◆ WORK REQUEST
Exact transcription, pictures omitted: reproduce the listing below.

◆ WORKING DATA

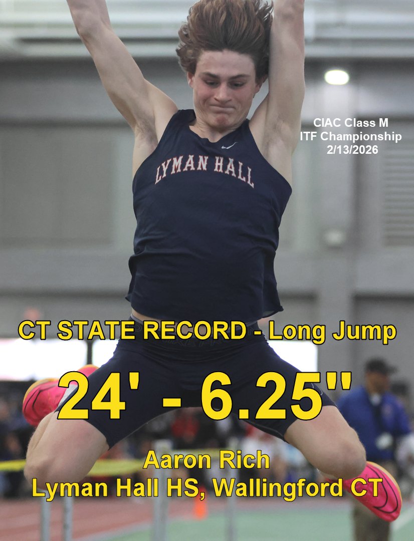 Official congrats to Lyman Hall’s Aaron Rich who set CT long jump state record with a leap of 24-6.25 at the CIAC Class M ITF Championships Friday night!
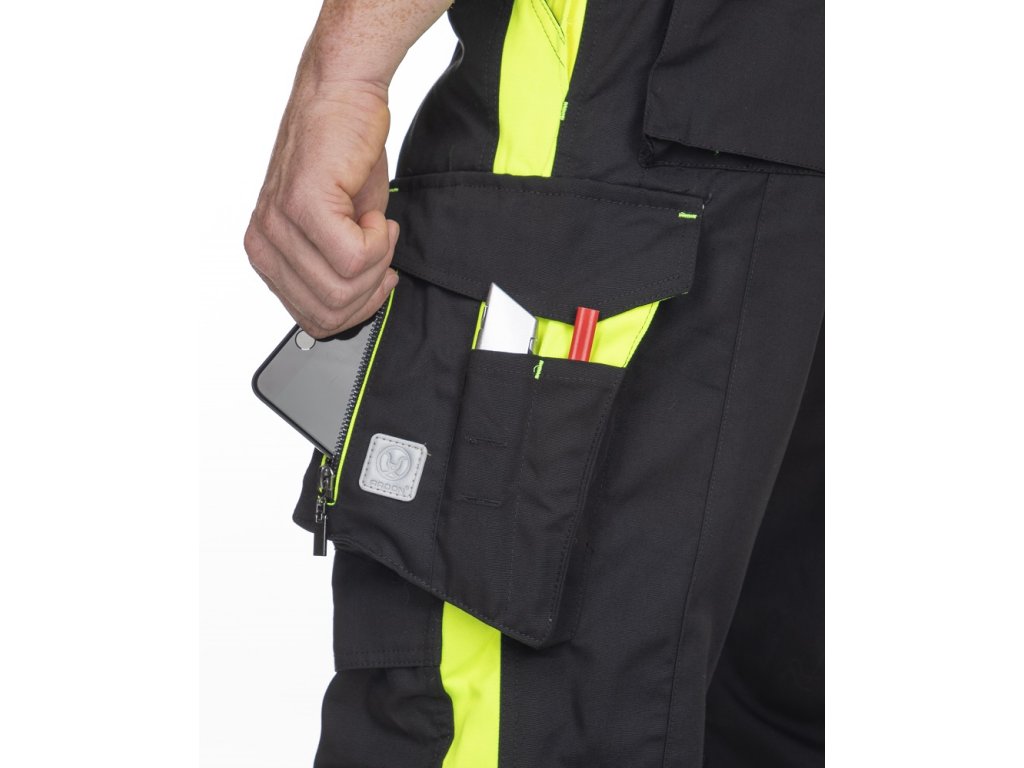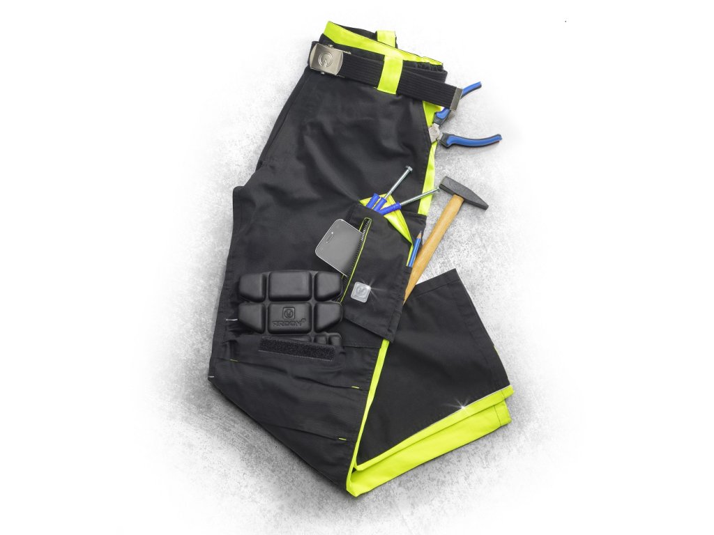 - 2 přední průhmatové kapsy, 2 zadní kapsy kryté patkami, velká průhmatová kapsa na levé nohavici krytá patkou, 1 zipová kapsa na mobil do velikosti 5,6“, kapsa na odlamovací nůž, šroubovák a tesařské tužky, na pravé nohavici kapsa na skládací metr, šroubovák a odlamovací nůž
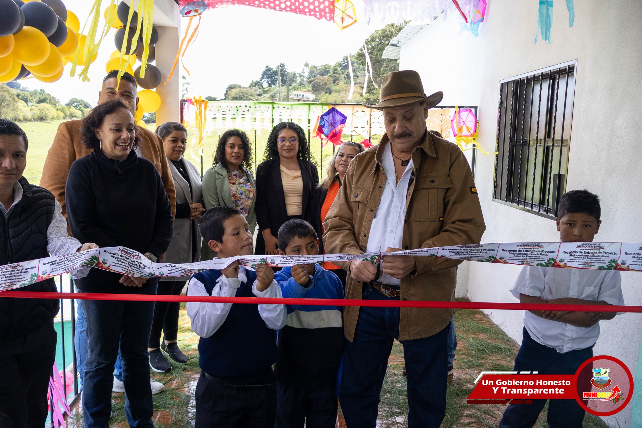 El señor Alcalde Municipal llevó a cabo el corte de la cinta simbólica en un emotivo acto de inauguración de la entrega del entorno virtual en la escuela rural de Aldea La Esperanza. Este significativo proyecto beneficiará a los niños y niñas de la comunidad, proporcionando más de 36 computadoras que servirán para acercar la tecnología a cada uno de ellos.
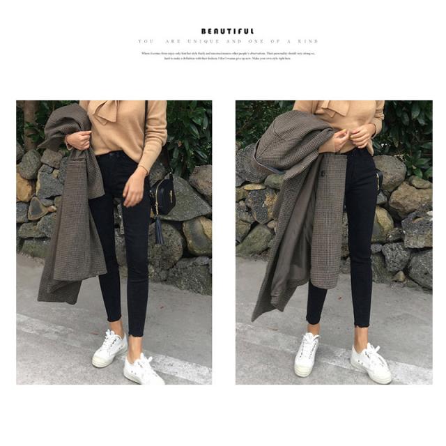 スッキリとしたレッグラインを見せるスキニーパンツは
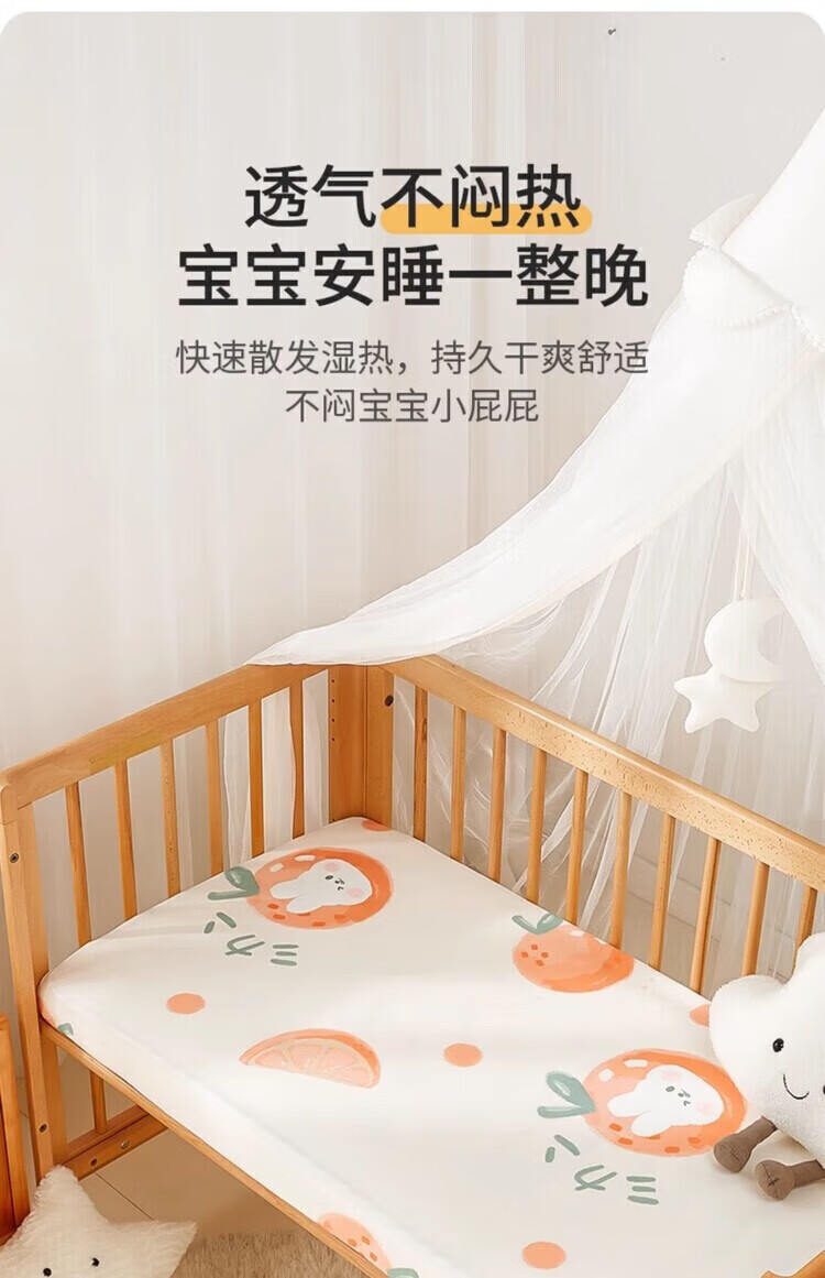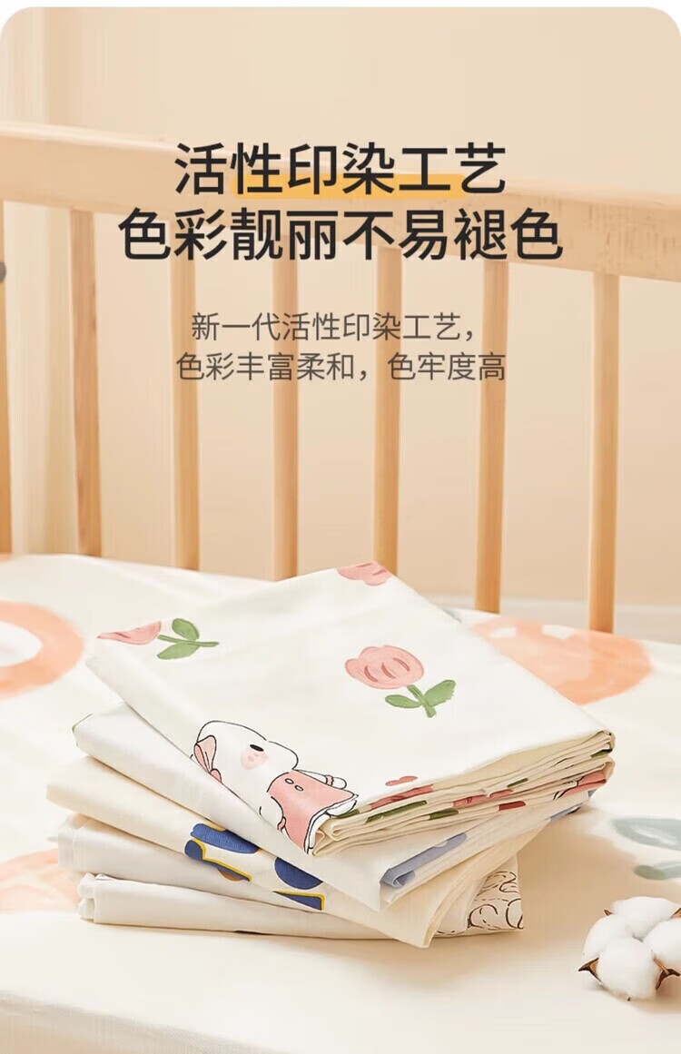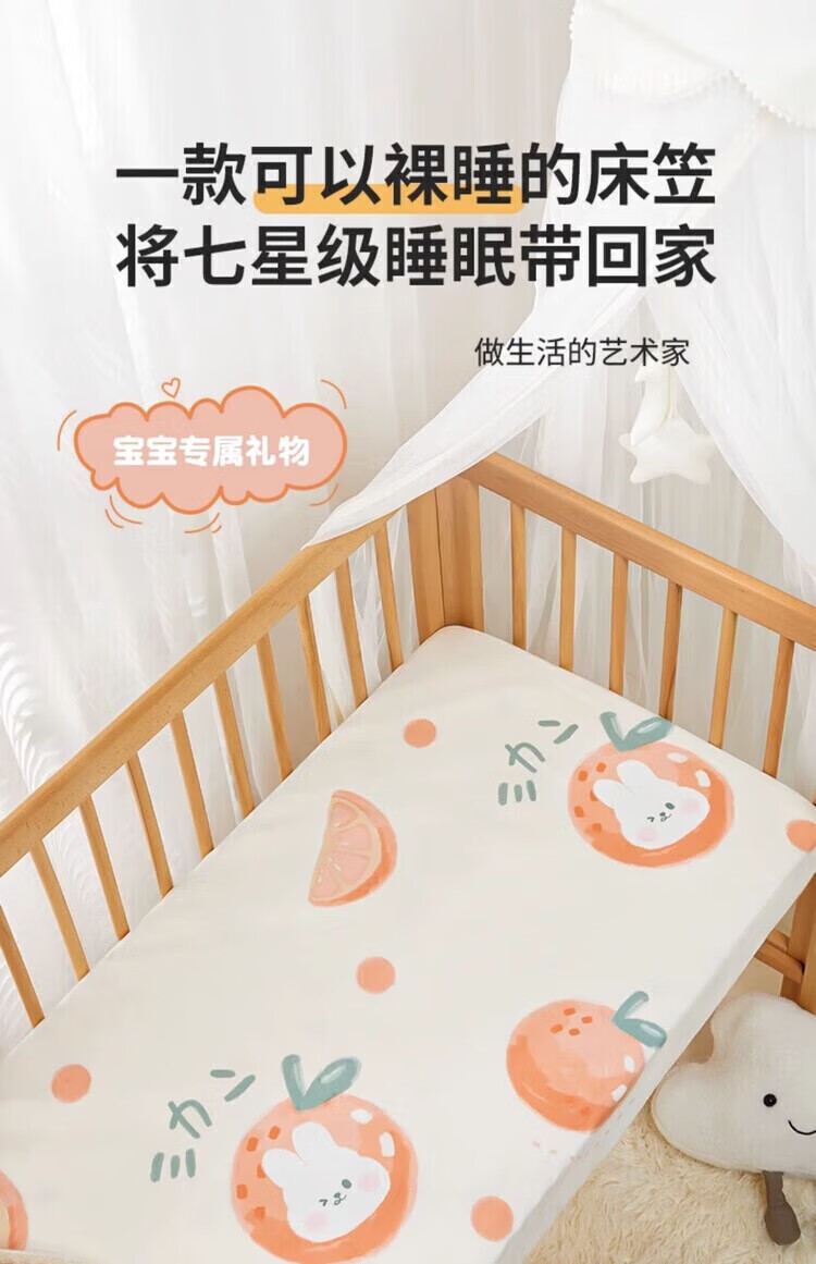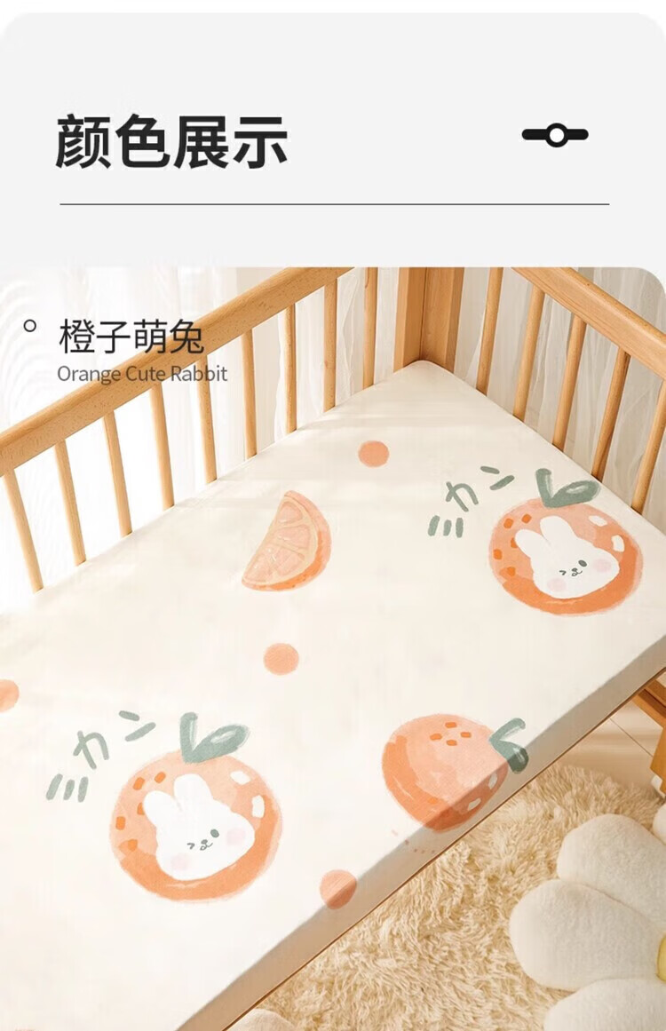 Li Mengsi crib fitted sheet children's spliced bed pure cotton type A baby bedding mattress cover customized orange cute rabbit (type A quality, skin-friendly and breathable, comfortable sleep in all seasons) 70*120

◆ ANSWER SECTION
 Official congrats to Lyman Hall’s Aaron Rich who set CT long jump state record with a leap of 24-6.25 at the CIAC Class M ITF Championships Friday night!
 - 2 přední průhmatové kapsy, 2 zadní kapsy kryté patkami, velká průhmatová kapsa na levé nohavici krytá patkou, 1 zipová kapsa na mobil do velikosti 5,6“, kapsa na odlamovací nůž, šroubovák a tesařské tužky, na pravé nohavici kapsa na skládací metr, šroubovák a odlamovací nůž
 El señor Alcalde Municipal llevó a cabo el corte de la cinta simbólica en un emotivo acto de inauguración de la entrega del entorno virtual en la escuela rural de Aldea La Esperanza. Este significativo proyecto beneficiará a los niños y niñas de la comunidad, proporcionando más de 36 computadoras que servirán para acercar la tecnología a cada uno de ellos.
 スッキリとしたレッグラインを見せるスキニーパンツは
 Li Mengsi crib fitted sheet children's spliced bed pure cotton type A baby bedding mattress cover customized orange cute rabbit (type A quality, skin-friendly and breathable, comfortable sleep in all seasons) 70*120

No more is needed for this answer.